Fürstenlandbrücke mit Zollhaus im Vordergrund
26 Ein Wandermönch aus Irland strauchelt in der Ostschweiz
«Schlampiweg» nach Herisau
Etwas abseits des ausgeschilderten Pilgerweges ist Folgendes erwähnenswert:
Westlich von St. Gallen war Jakobus Patron der Kirche von Gossau SG,
wo sich 1750 eine von der katholischen Kirche beglaubigte Jakobusreliquie
befand. Von Wil sind in der Chronik des Kustos vier Santiagopilger überliefert:
«1581. Den 12. Hornung gingen Hans Müller, der Tischler, ferner Hans
Müller, Georg Wirth und Ulrich Hugentobler nach Compostela wallfahrten
und kamen nach 30 Wochen wieder frisch und gesund nach Hause.»
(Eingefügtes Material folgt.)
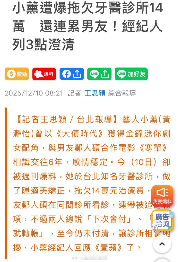 经纪人回应小熏拖欠牙齿矫正费用 台媒曝小薰牙齿矫正费用纠纷,诊所称其多次承诺付款却未兑现。经纪人正式回应:“相关款项均已结清”,称属私事不便占用公共资源,感谢理解。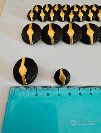 Bottoni neri in resina con gambo, effetto graffiato ed elemento centrale geometrico in color oro N.10 grandi (20-25mm) N.22 piccolo (10-15mm)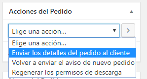 Justo al lado de este resumen, tenemos un cuadro de acciones que nos permitirá reenviar los correos al cliente, en caso que no los haya recibido, se hayan ido a SPAM, o si por lo que fuera, no se hubieran enviado correctamente.
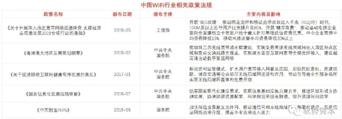中国WiFi行业相关政策法规分析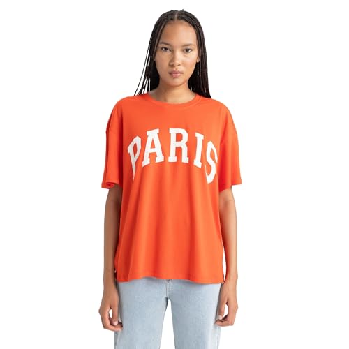 DeFacto dam-t-shirt – klassisk basic oversize skjorta för kvinnor – bekväm t-shirt för kvinnor, röd, M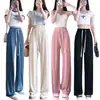 Calça Feminina de Seda de Gelo Wide Leg Verão Fina 2025 Novo Estilo Calça Casual Fresca Cintura Alta Caimento Leve Perna Reta Proteção Solar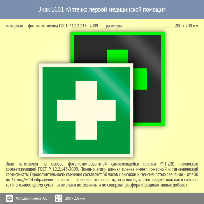 Знак EC01 «Аптечка первой медицинской помощи» (фотолюминесцентная пленка ГОСТ 34428-2018, 200х200 мм) в Ижевске купить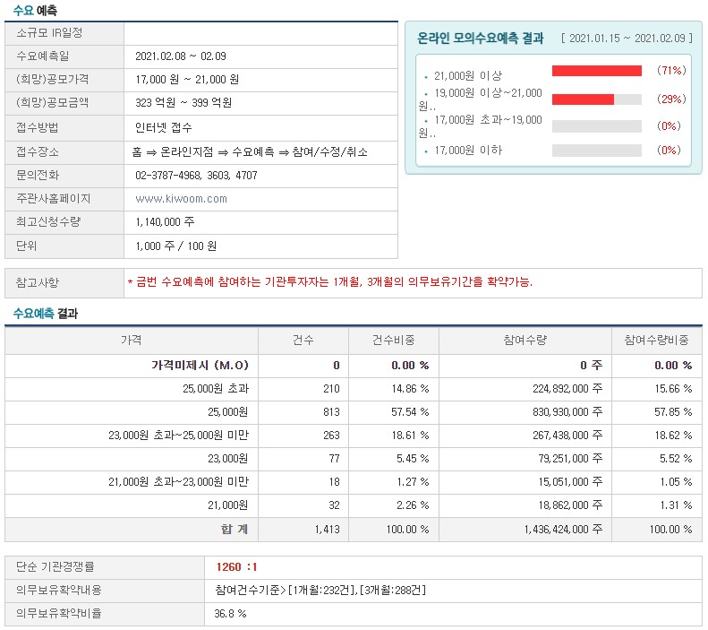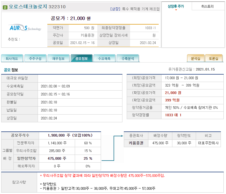 * 키움증권이 주관사로 475,000주 배정. 비례 237,500주 : 균등 237,500주 배정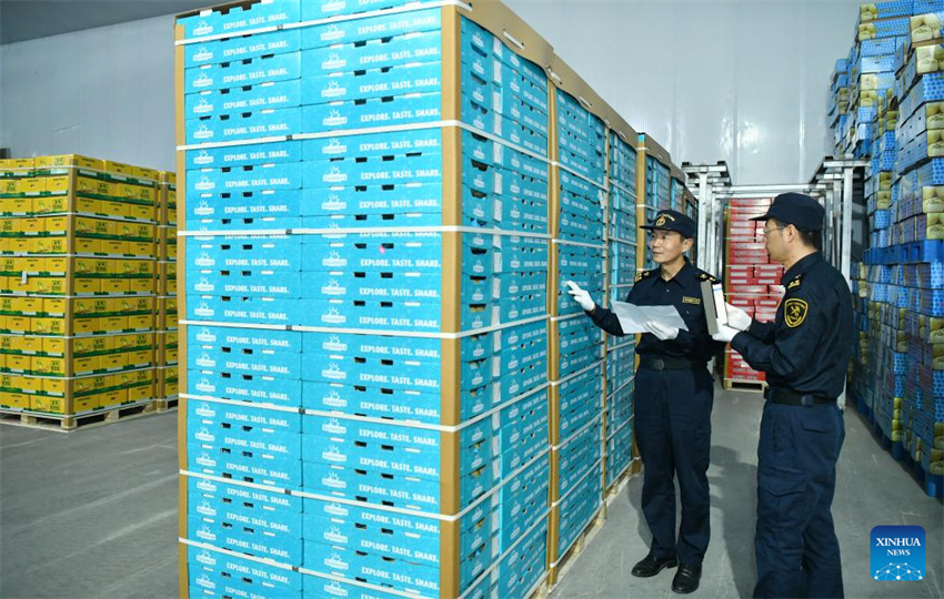 Oficiales de aduanas revisan cajas de peras frescas en Botou, provincia de Hebei, en el norte de China, el 7 de mayo de 2025. (Xinhua/Mu Yu.)

Beim Ausgang aus der Stadt St. Gallen übernehmen wiederum die
Kirchen Wegweiserfunktion: die neugotische Kirche St. Leonhard (1885–
1887), südlich des Zeughauses, die St. Otmar-Kirche und nach der Kapelle
Maria Einsiedeln, die westlich des grösseren Burgweihers steht, die reformierte
Kirche von Bruggen.
Die Kapelle Maria Einsiedeln in Schönenwegen hiess im Volksmund
«Jakobskapelle». Ihr Stifter liess am Äussern der um 1680 erbauten Kapelle
eine Darstellung Christi mit der Samariterin am Jakobsbrunnen anbringen.
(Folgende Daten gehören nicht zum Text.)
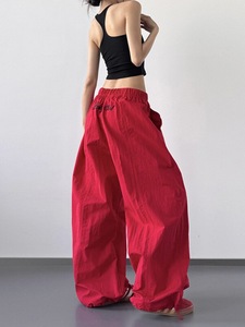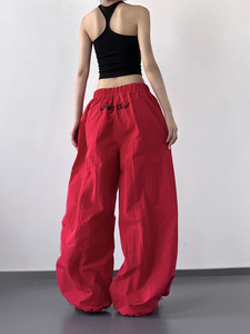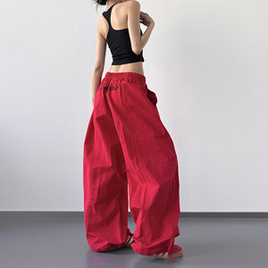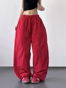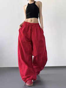 红色速干工装裤女夏季美式运动阔腿休闲辣妹酷飒jazz爵士舞裤子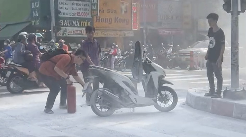 Đang chạy trên đường Lê Văn Sỹ, quận 3 (TP.HCM), nam thanh niên phát hiện xe máy bốc cháy vội dừng phương tiện, hô hoán mọi người ứng cứu.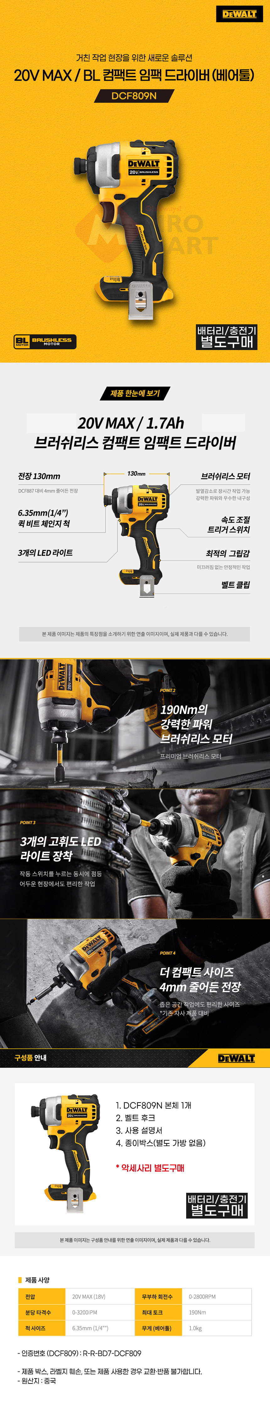 디월트 DCF809N 충전 브러쉬리스 컴팩트 임팩트 드라이버 베어툴 20V 18V

Oberhalb des Heiligtums steht ein hölzerner «Tröckneturm», ein Überbleibsel
aus der frühen Textilindustrie. Die Chräzerenstrasse in Bruggen führt
hinunter zum Zollhäuschen (1811) und über die Chräzerenbrücke. Von deren
nördlichem Geländer aus ist das äbtische Zollhaus mit Mansarddach am
linken Flussufer zu sehen.
Nach Überquerung der Sitter wandert man durch das schöne Naturschutzgebiet
des Gübsensees mit dem Schlösschen Sturzenegg. Etwa 100 m
nach dem Abschlussdamm liegt der Wanderweg auf dem bis 1913 benutzten
Trassee der Appenzellerbahn Herisau–Winkeln. Das Restaurant «Alter Zoll»
zu Beginn der Hauptstrasse ist die ehemalige ausserrhodische Zollstätte. Es
erinnert an die überschrittene Kantonsgrenze. Nach der Bahnüberführung
wandert man auf dem «Schlampiweg», auf dem wohl einst die schwer beladenen
Saumtiere «schlampig» (kraftlos) wurden.
Entlang des Friedhofs und seiner Kapelle (1917) passiert man die ehemalige
Zoll- und Sammelstation für Söldner (heute Gasthaus «Adler»). Der
kurze Aufstieg führt in die Stadtmitte von Herisau.